Visualization of pollen grains on stigma of chrysanthemum at 48 h after self-pollination under a Compound microscope b Fluorescent microscope indicating numbers of pollen grains germinating per stigma. Abbreviations: Pg: pollen grain, St: stigma and Sty: style. Scale bar is 100 μm

Molecular method

In recent times, molecular studies have enabled transformation of self-incompatibility (SI) to self-compatibility (SC) by using marker assisted selection and related techniques established on RNA interference, transcriptome analysis, gene silencing (CRISPR-Cas9) and recombinant technologies related to self-incompatibility factors. To date, coherent findings recognizing the SI linked molecular factors is evident in various families viz., Brassicaceae, Plantaginaceae, Papaveraceae, Rubiaceae, Rosaceae and Solanaceae, yet, a plethora of studies are underway in additional species, particularly in chrysanthemum and many more from the Asteraceae family (Sanz et al. 2020). Even though, in chrysanthemum, some SI-related genes were identified via RNA-sequencing (Wang et al. 2018), still their regulation remain unexplored. Nakano et al. (2019) isolated a natural self-compatible mutant of Chrysanthemum seticuspe named Gojo-0 which was a diploid and self-compatible, pure line developed through repeated selfing and selection. Due to simplicity and homogeneity of its genome, this strain is ideal for front-line breeding including genetic analyses and molecular biological analysis like whole genome sequencing. During the year 2021, Nakano et al. presented a reference genome sequence of 3.05 Gb chromosome that covered 97% of the genome which was amenable for positional cloning. They also reported recent segmental duplication and retrotransposon expansion (SbdRT) accounting 72% in C. seticuspe.
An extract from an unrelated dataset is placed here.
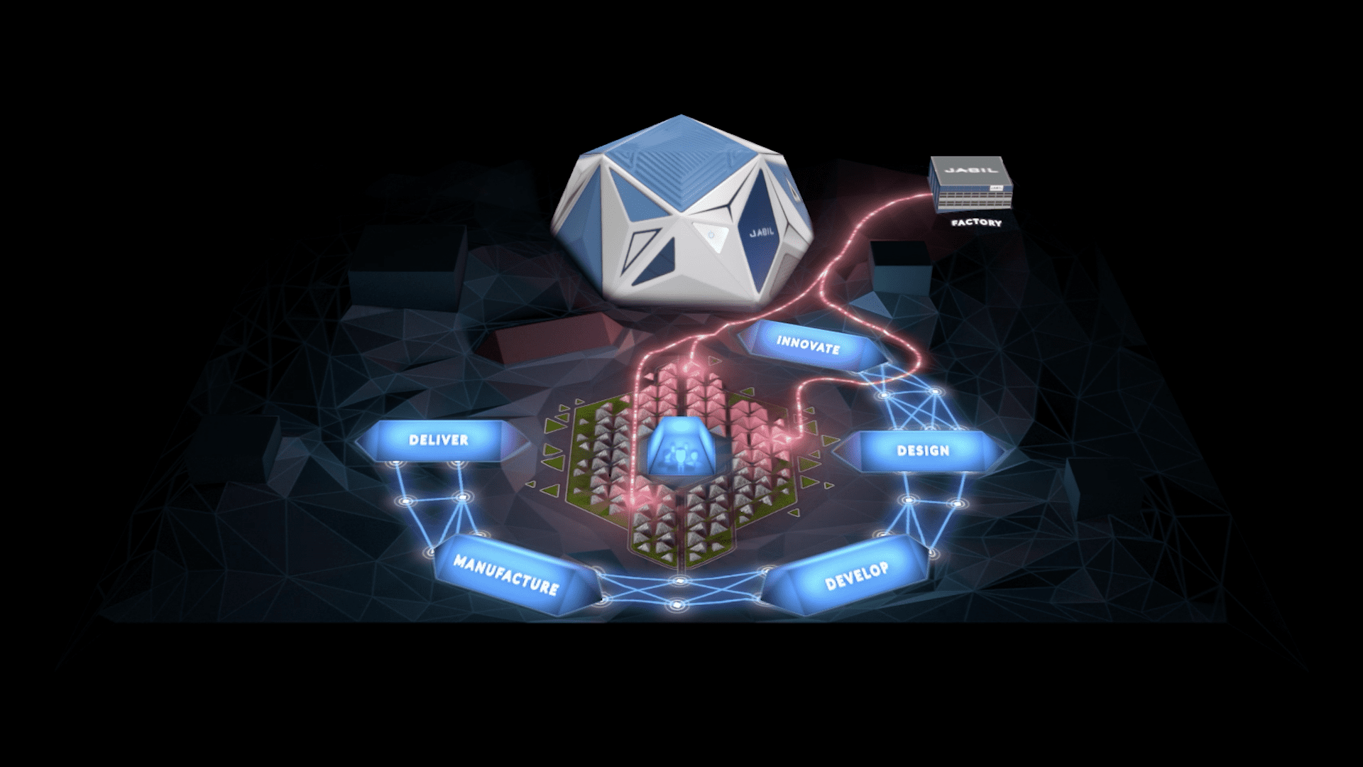 Using 3D printed geometric surfaces plus projected content, the installation was conceived as an in-the-round “digital twin” of Jabil’s process that simulated its end-to-end services, from planning through final product manufacturing.
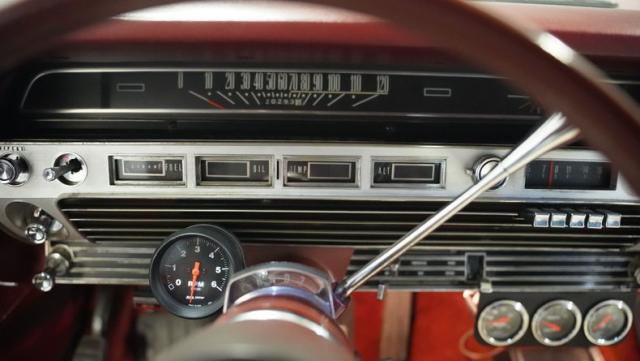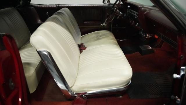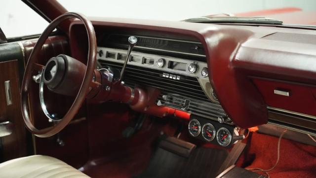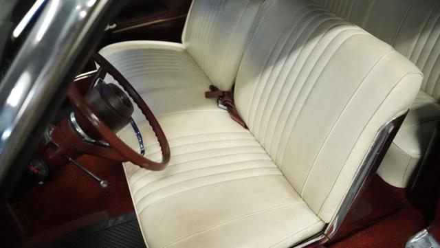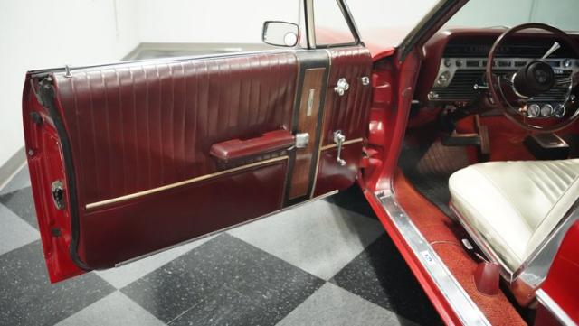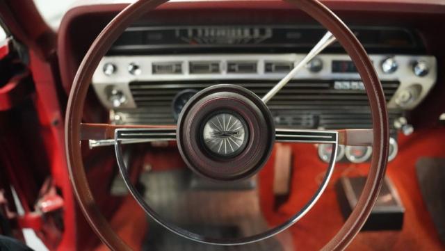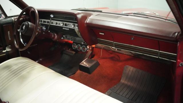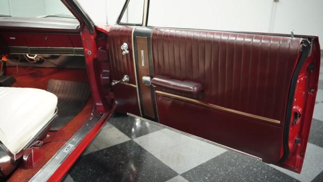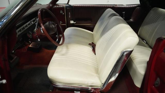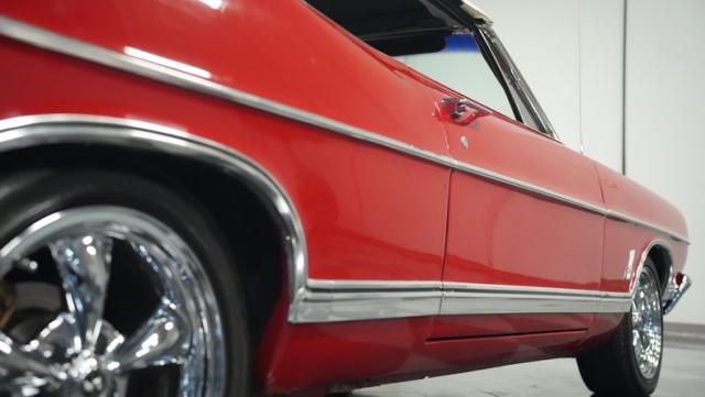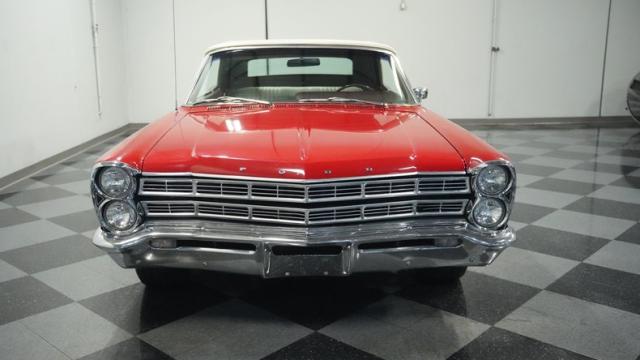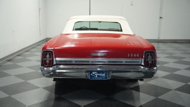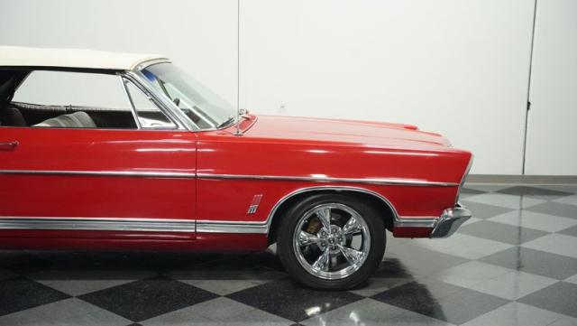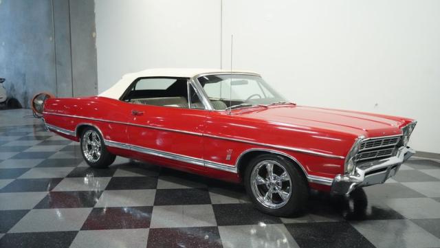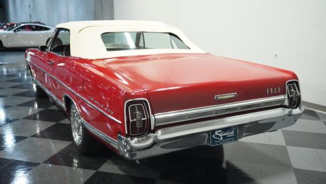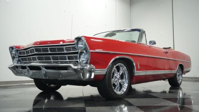 This 1967 Ford Galaxie 500 Convertible commands respect with its Candy Apple Red finish. The sleek body stretches 17 feet long, showcasing the era when American cars ruled the road. Chrome accents highlight the Galaxie\'s muscular lines, from the bold front grille to the sculpted rear panels. The white convertible top provides a sharp contrast, folding away to reveal the open sky. Rolling on 17\" wheels wrapped in beefy 225/55ZR17 tires, this Galaxie combines classic style with modern road grip. Dual exhaust tips peek out from the rear, hinting at the power of the 390 V8 engine.

Achieving self-compatibility

There are a few techniques by which sporophytic self-incompatibility can be temporarily overcome such as differential pollination techniques (early bud pollination, mixed or mentor pollination and delayed pollination), high temperature treatment, exposure to ionizing radiations (gamma rays) and chemical sprays (growth hormones, sodium chloridel, amino acids and carbon dioxide) (Kucera et al. 2006). Other mechanical methods include simply removing stigma and washing the surface of stigma with organic solvents (Ockendon 1978) to remove or soften the waxy substances covering the papillae (Roggen and Van 1973). Figure 4 classifies different techniques to break down self-incompatibility in ornamentals of Asteraceae.

Fig. 4

The above illustration provides an insight into different techniques to overcome pre-fertilization barriers, precisely self-incompatibility in Asteraceae flower crops. Abbreviations: NaCl-Sodium Chloride; CO₂-Carbon dioxide; Zn/Cu-Zinc/Copper; IAA-Indole acetic acid; GA₃-Gibberellic Acid

Physical treatments

Gamma irradiation

Artificial self-pollination using the pollen, irradiated with gamma rays, can improve the self-compatibility in Asteraceae species. Gamma rays can be widely applied to induce haploidy as such radiations offer uncomplicated application, strong penetration, repeatability, high mutation frequency and minimal disposal issues (Chahal and Gosal 2002; Kundu et al. 2017). Although pollen irradiation is proven to be successful for inducing haploidy, other parameters, including genotype, environmental conditions, irradiation dose, size and shape of the pollen grain and pollen wall thickness are found to have a significant impact on the embryo production (Giles and Prakash 1987). However, so far there is no reporting on usage of gamma irradiation in Asteraceae, but this technique has been frequently used in fruit crops to induce self-compatibility such as the case of x-ray irradiation of pollen employed in a sweet cherry breeding experiment at the John Innes Center in the year 1940. These studies resulted in the creation of numerous self-compatible cultivars with SFB4 allele mutations (Sonneveld et al. 2005; Ushijima et al. 2004). The first diploid pollen part mutations (PPM) were also detected by employing gamma-irradiation to the pollen from the self-incompatible Japanese pear “Kosui,” (Sawamura et al. 2013).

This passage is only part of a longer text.